Read the first paragraph of the posting and try running defaults before changing the settings randomly in your server.conf.

i do this but without change …
output_batch_size = 100
output_flush_interval = 1
output_fault_count_threshold = 5
output_fault_penalty_seconds = 30
processbuffer_processors = 5
outputbuffer_processors = 3

ps. i work with only one node

In fact, i realize that some message was processed but the most part are deleted because journal’s rotating and because processing are very very slowly.
How I can do to speed up the calculation ?

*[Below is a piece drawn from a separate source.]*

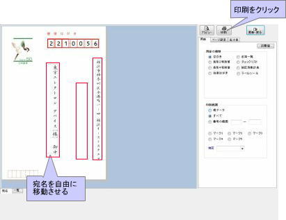 名簿の中から抽出して、はがきや封筒にまとめて印刷できます。

Which calculation do you mean?

@flapegue

with your current setting

output_batch_size = 100
output_flush_interval = 1
outputbuffer_processors = 3

You are sending 3*100 messages per second to Graylog. Just for the reference the text from the above mentioned Blog Posting:

Next, in your Graylog server.conf, you can increase output_batch_size and adjust outputbuffer_processors to allow larger batches to be sent over fewer processors. The settings for output batch size and output buffer processors will vary depending on your environment. For our environment, we set output_batch_size to 5000 and outputbuffer_processors to 3 with a 31 GB heap memory for the Elasticsearch node.

So why not set your output_batch_size to 2000 and let the journal drain out?

I had done the test with several combinations
with output_batch_size = 100 and output_batch_size = 600, to see the impacts, but nothing change
i just try with output_batch_size = 2000 and no change, the number already increase

Last month I was in version 2.1 and I did not have this problem.
Could it come from this update ?

All settings to suit my configuration.

dear @flapegue

further investigation is very time consuming and would need to dig into your log files. We, from remote would only be able to look into that if you provide log files from elasticsearch an graylog.

additional you would need to give graylog some time to process your journal this can take up to a few hours.

Everything that follows now is just oracle and guessing.

You should look into your graylog logfile and look and read what might be the issue.

for the graylog-server log
https://raw.githubusercontent.com/flapegue/export/master/graylog-server.log
and for elasticsearch log
https://raw.githubusercontent.com/flapegue/export/master/elasticsearch.log

thanks

Not sure what the issue is within your setup as all information given from your end (until now) look normal.

For me further investigation is not possible, said that if you need help go over to get professional support.

I thank you already for the help you have given me.

I will not be able to start from a paid support … but will the solution to erase the elasticsearch indexes will restore the service ?
I use an LVM logical partition to store my indexes, partition that I have increased several times, could the problem come from there ?

hi,

I use your example of output batch size 5000 and number of processors 3, and the graylog nodes are some times limited to 15k messages per second.

Is there somewhere a guide on how big batch sizes are recommended, versus the elasticsearch cluster settings? I.e. can I just double the 5000 to 10000 and be safe, or is there some other parameter that I should consider?